Compartir

Una conocida clínica de Trelew, un cirujano, una obra social y una aseguradora deberán indemnizar con más de un millón de pesos a un paciente que culpa de un mal diagnóstico, perdió su pierna izquierda por una amputación.

El caso de daños y perjuicios data de julio de 2007 y lo decidieron los camaristas Sergio Lucero y Aldo De Cunto.
El hombre fue operado en julio de 2007 para extraerle un tumor plantar del pie izquierdo. Había ingresado al nosocomio en muy buen estado general. Esperó cuatro horas. Antes de su operación hubo otras tres intervenciones en la sala aunque la clínica no probó que el lugar se haya esterilizado.

Tras la cirugía su cuadro se complicó por una infección bacteriana. Los primeros signos los detectó un estudio de laboratorio. Al paciente le dolía el pie, entre otros síntomas.

Según el fallo, con ese examen en mano su médico debió hacer cultivos de la zona afectada para saber el origen de la infección y tratarla. Pero las medidas terapéuticas tras la operación fueron deficientes, sumadas al error de diagnóstico.
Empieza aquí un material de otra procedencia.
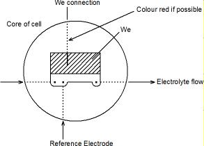 Contact to the working electrode is made from above so that electrodes as films on non conducting substances are accessible. These cells are designed to allow the user to introduce and/or change the elctrolyte quickly and even to flow the electrolyte through the cell. Reference is provided through an external pocket connected by 1/16" PTFE tubing to the cell body. Variants of the cell incorporating a water jacket to control the temperature have also been developed. Special features of all these cells include very short working distances and minimal dead space. They have also proved to be very reliable. In some examples more than 200 series of experiments have been completed before overhaul was required.

El galeno fue imprudente y negligente por no advertir o no diagnosticar la infección.
“Atento el resultado del laboratorio con alteraciones de valores que indicaban la presencia de un cuadro infeccioso, se ameritaba la indicación de la práctica de cultivos para determinar y confirmar el cuadro”, dijeron los jueces.
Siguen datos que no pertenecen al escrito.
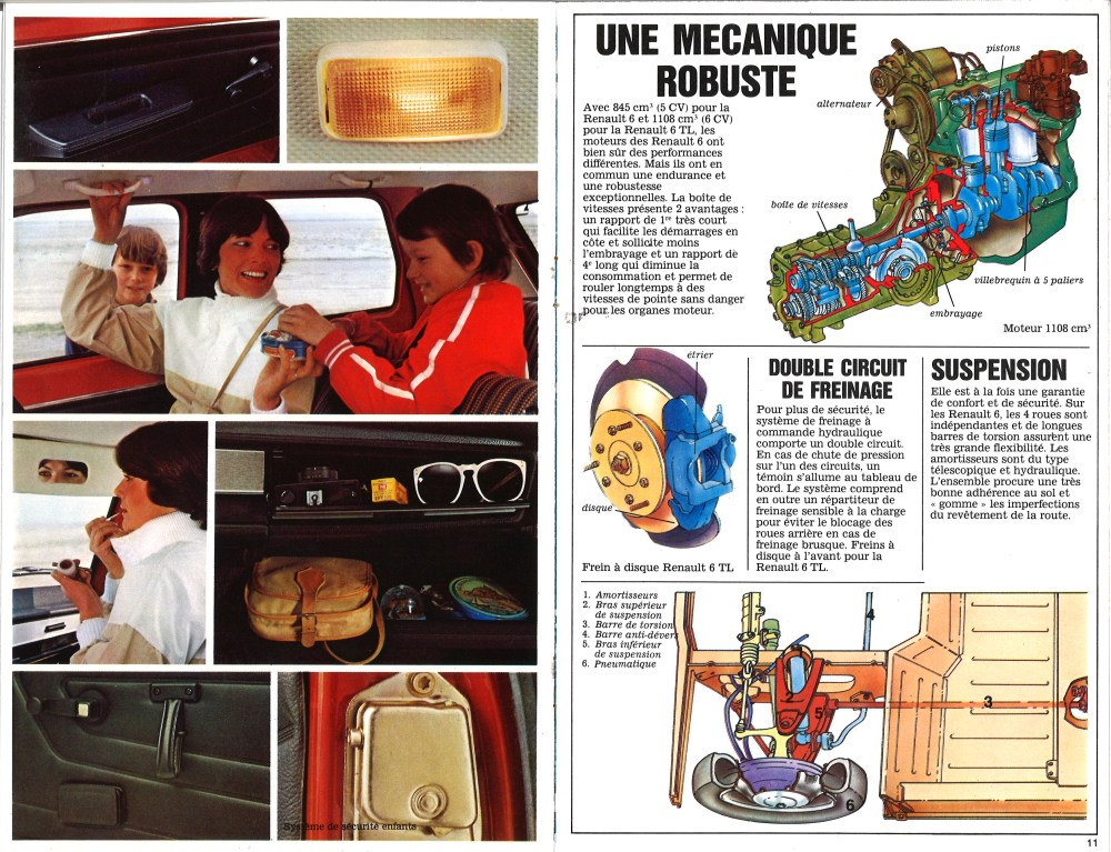 Cette version 1100 est essayée dans le n°121 de l’Action Automobile publié en octobre 1970. Alain Bertaut, l’essayeur vedette du magazine, nous dit qu’avec ce nouveau moteur, « la Renault 6 prend une personnalité différente, tant il est vrai que la puissance est toujours un avantage appréciable. La vitesse de croisière se trouve augmentée facilement de 20 km/h et l’agrément de conduite est considérablement amélioré du fait que l’on se trouve dans l’obligation de solliciter beaucoup moins la boîte de vitesses pour obtenir un bon rendement. La conduite n’a pas changé et il est intéressant de constater que la vitesse plus élevée est parfaitement tolérée par la voiture. […] Il ne s’agit plus d’une petite voiture économique mais d’une voiture moyenne économique, offrant des performances satisfaisantes et un usage aussi pratique ».

El perito que revisó el caso explicó que la gangrena que se produjo fue rápida, progresiva y devastadora, con un período de incubación de 1 a 4 días. Correspondía un tratamiento urgente, con extirpación de todos los tejidos afectados y antibióticos activos a altas dosis. En cambio, entre la operación y el análisis de laboratorio se “perdieron” cuatro días, equivalente al tiempo de incubación.